(Saved entries)
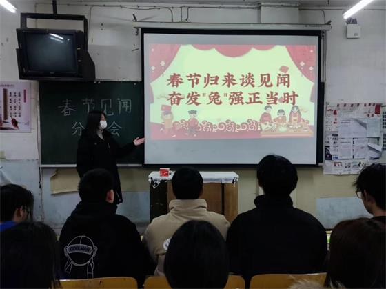 (本网通讯员:张星月)为进一步加强班风学风建设,增进同学们之间的沟通交流,了解不同地区的春节习俗、家乡变化。2月12日晚,财经与旅游学院各班级开展了“春节归来谈见闻,奋发‘兔’强正当时”主题报告活动。
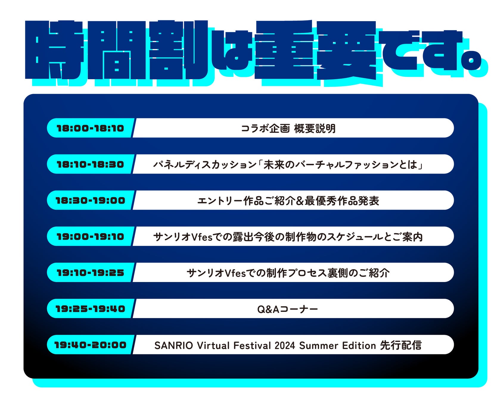 また、サンリオVfesに向けた今後の展開スケジュール、制作プロセス裏側の紹介、「未来のバーチャルファッション」を考えるパネルディスカッション。さらに、「SANRIO Virtual Festival 2024 Summer Edition」の先行配信など盛りだくさんの内容でお届けします。
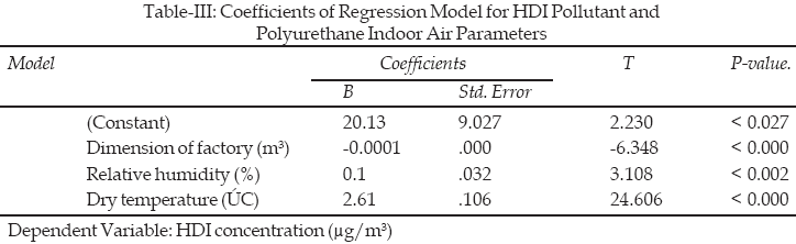 A multiple regression model obtained from analysis of indoor air pollution factors and HDI pollution implies that there is a relationship between the increase of HDI concentration and psychrometric parameters. Based on Table-IV this prediction model at á level of .001 is significant for all of the parameters (p <.0001).
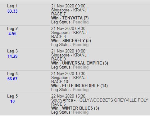 I failed to find my 5th selection for my canadian hence i added Winter Blues carded at Greyville tomorrow, seemingly its a penalty kick and worth the wait.
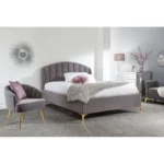 Pettine Double Ottoman Bed Wood & Fabric Grey 5 x 7ft
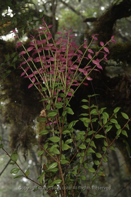 Syzygium sp. plant with green and red leaves along the summit trail of Mt. Trus Madi, the second highest mountain of Malaysia
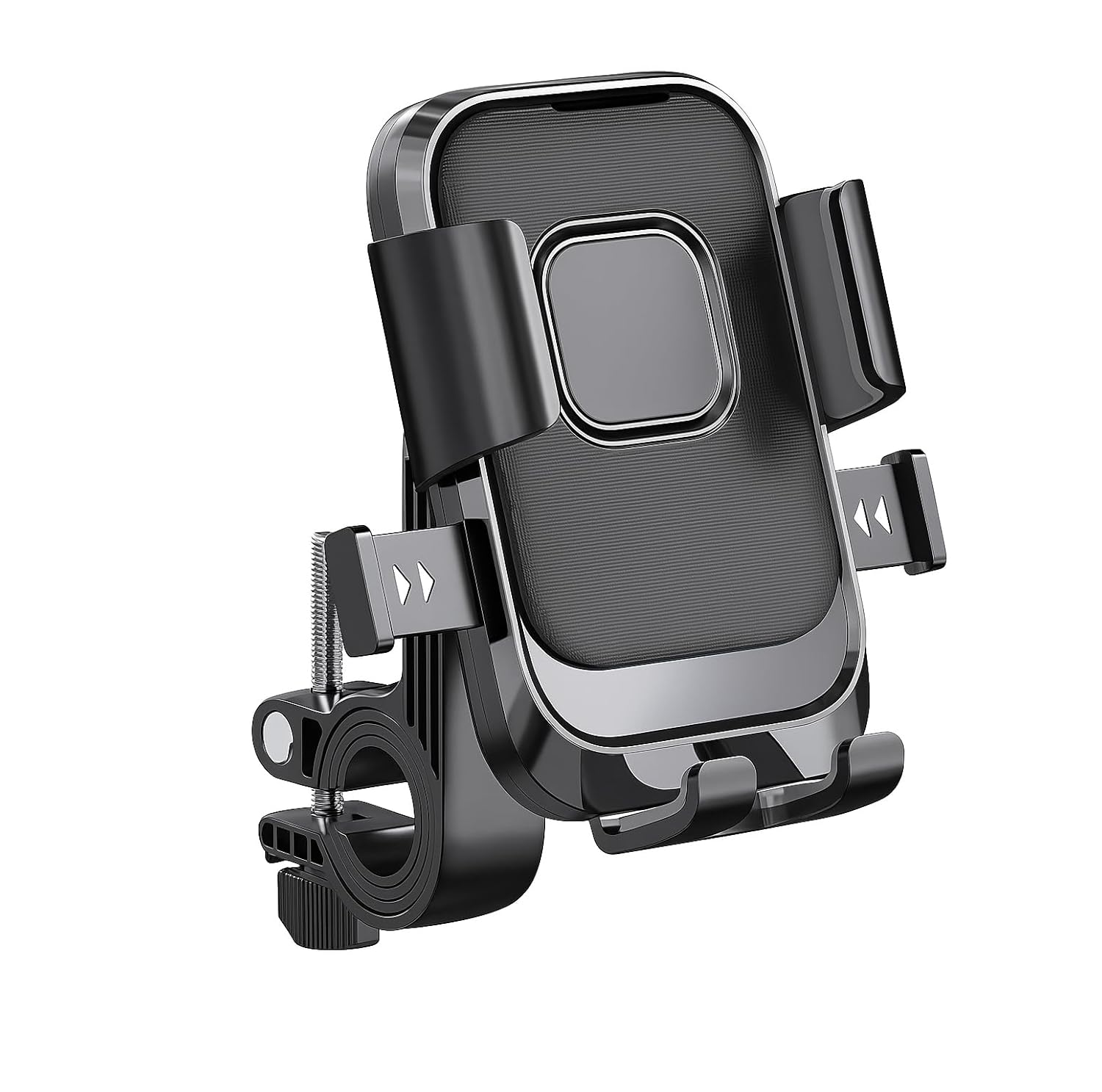 Bike Mobile Holder Sturdy and Safe A special shape of this motorcycle & bike phone holder grips each corner of your phone tightly. It ensures the safety of your cell phone attached to the bike handlebar even on a bumpy road. Phone clip must be locked by the red switch on the back so that the phone does fall off while riding!
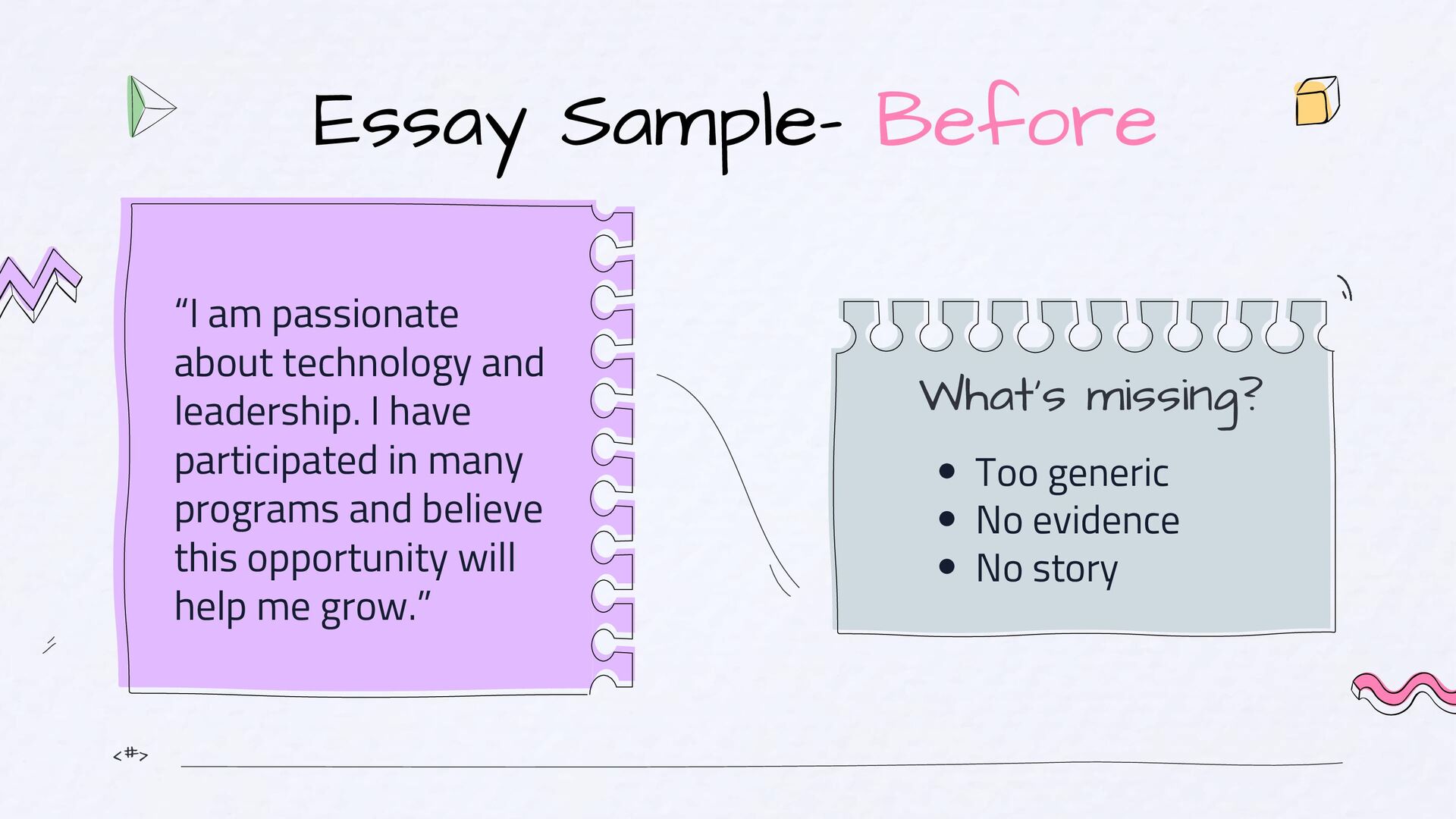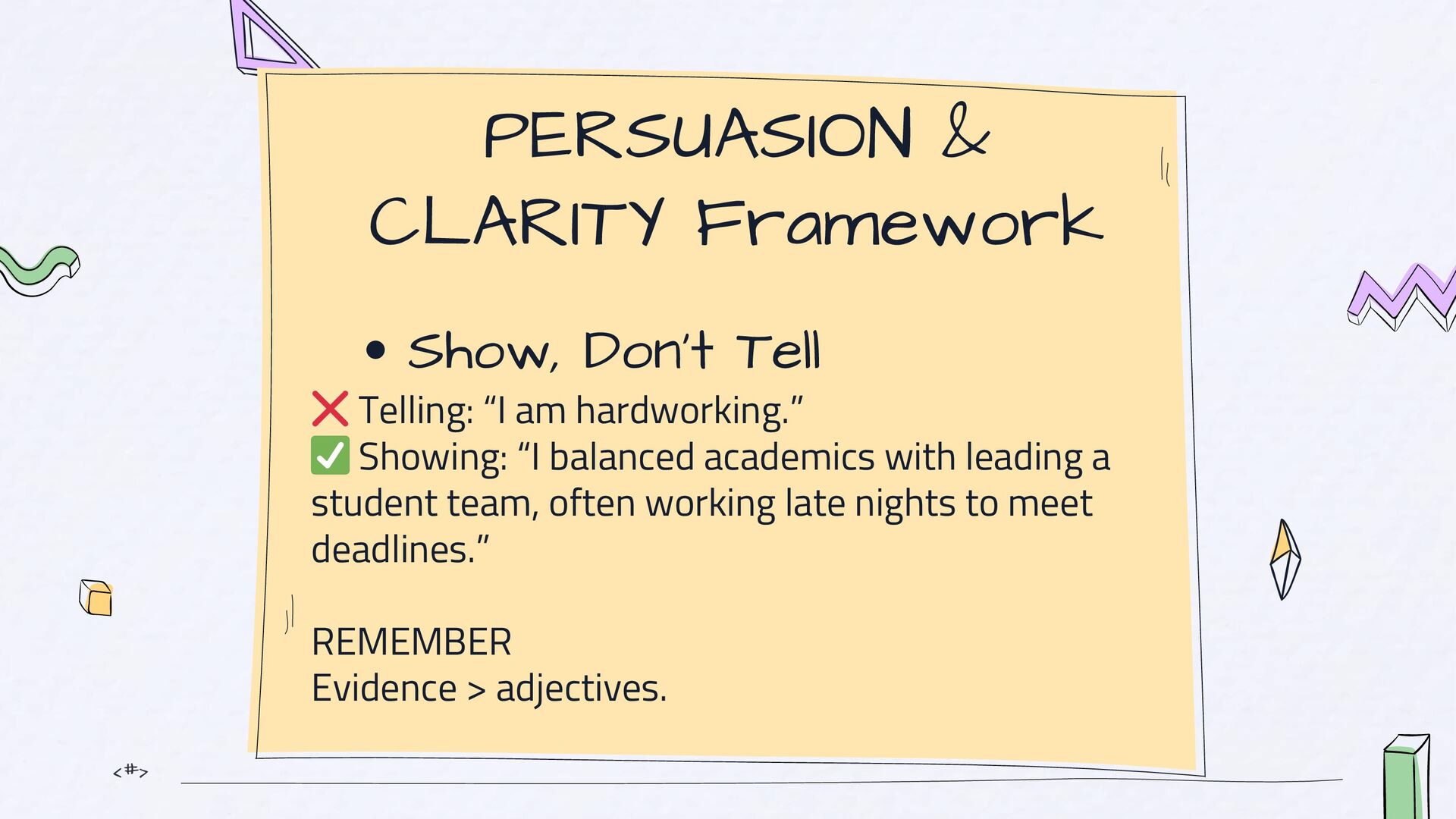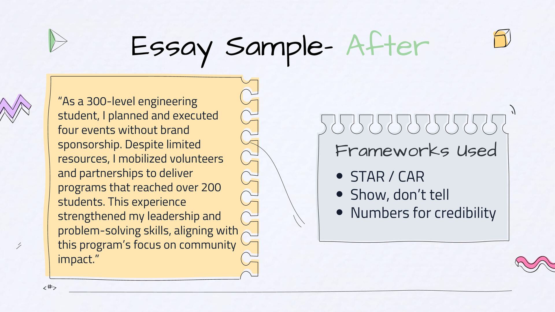 should be: Simple, Clear and Human. If they need to reread it, you’ve lost them. The “So What?” Test After every paragraph, ask: “So what? Why should they care?” The 3C Check Before submitting, check if your essay is Clear, Concrete and Compelling Voice Test Read your essay out loud and Ask: Does this sound like me? Would I say this naturally?
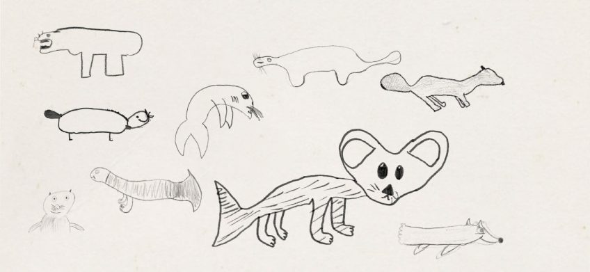 En Suisse, dans le Jura bernois, point de loutre franchement reconnaissable dans les dessins. Pareil en Franche-Comté. Tout au plus devine-t-on parfois la silhouette issue d’un documentaire animalier d’un phoque, d’une otarie, voire de l’exotique loutre de mer du Pacifique nageant sur le dos. Certains dessinent plutôt une sorte de castor, de dauphin ou un animal bizarre.

▶ **ABOUT THIS EXERCISE**: Please ensure that the data above is repeated exactly, with no pictures in the copy.

▶ **ANSWER SECTION**:
 (本网通讯员:张星月)为进一步加强班风学风建设,增进同学们之间的沟通交流,了解不同地区的春节习俗、家乡变化。2月12日晚,财经与旅游学院各班级开展了“春节归来谈见闻,奋发‘兔’强正当时”主题报告活动。
 また、サンリオVfesに向けた今後の展開スケジュール、制作プロセス裏側の紹介、「未来のバーチャルファッション」を考えるパネルディスカッション。さらに、「SANRIO Virtual Festival 2024 Summer Edition」の先行配信など盛りだくさんの内容でお届けします。
 A multiple regression model obtained from analysis of indoor air pollution factors and HDI pollution implies that there is a relationship between the increase of HDI concentration and psychrometric parameters. Based on Table-IV this prediction model at á level of .001 is significant for all of the parameters (p <.0001).
 I failed to find my 5th selection for my canadian hence i added Winter Blues carded at Greyville tomorrow, seemingly its a penalty kick and worth the wait.
 Pettine Double Ottoman Bed Wood & Fabric Grey 5 x 7ft
 Syzygium sp. plant with green and red leaves along the summit trail of Mt. Trus Madi, the second highest mountain of Malaysia
 Bike Mobile Holder Sturdy and Safe A special shape of this motorcycle & bike phone holder grips each corner of your phone tightly. It ensures the safety of your cell phone attached to the bike handlebar even on a bumpy road. Phone clip must be locked by the red switch on the back so that the phone does fall off while riding!
 should be: Simple, Clear and Human. If they need to reread it, you’ve lost them. The “So What?” Test After every paragraph, ask: “So what? Why should they care?” The 3C Check Before submitting, check if your essay is Clear, Concrete and Compelling Voice Test Read your essay out loud and Ask: Does this sound like me? Would I say this naturally?
 En Suisse, dans le Jura bernois, point de loutre franchement reconnaissable dans les dessins. Pareil en Franche-Comté. Tout au plus devine-t-on parfois la silhouette issue d’un documentaire animalier d’un phoque, d’une otarie, voire de l’exotique loutre de mer du Pacifique nageant sur le dos. Certains dessinent plutôt une sorte de castor, de dauphin ou un animal bizarre.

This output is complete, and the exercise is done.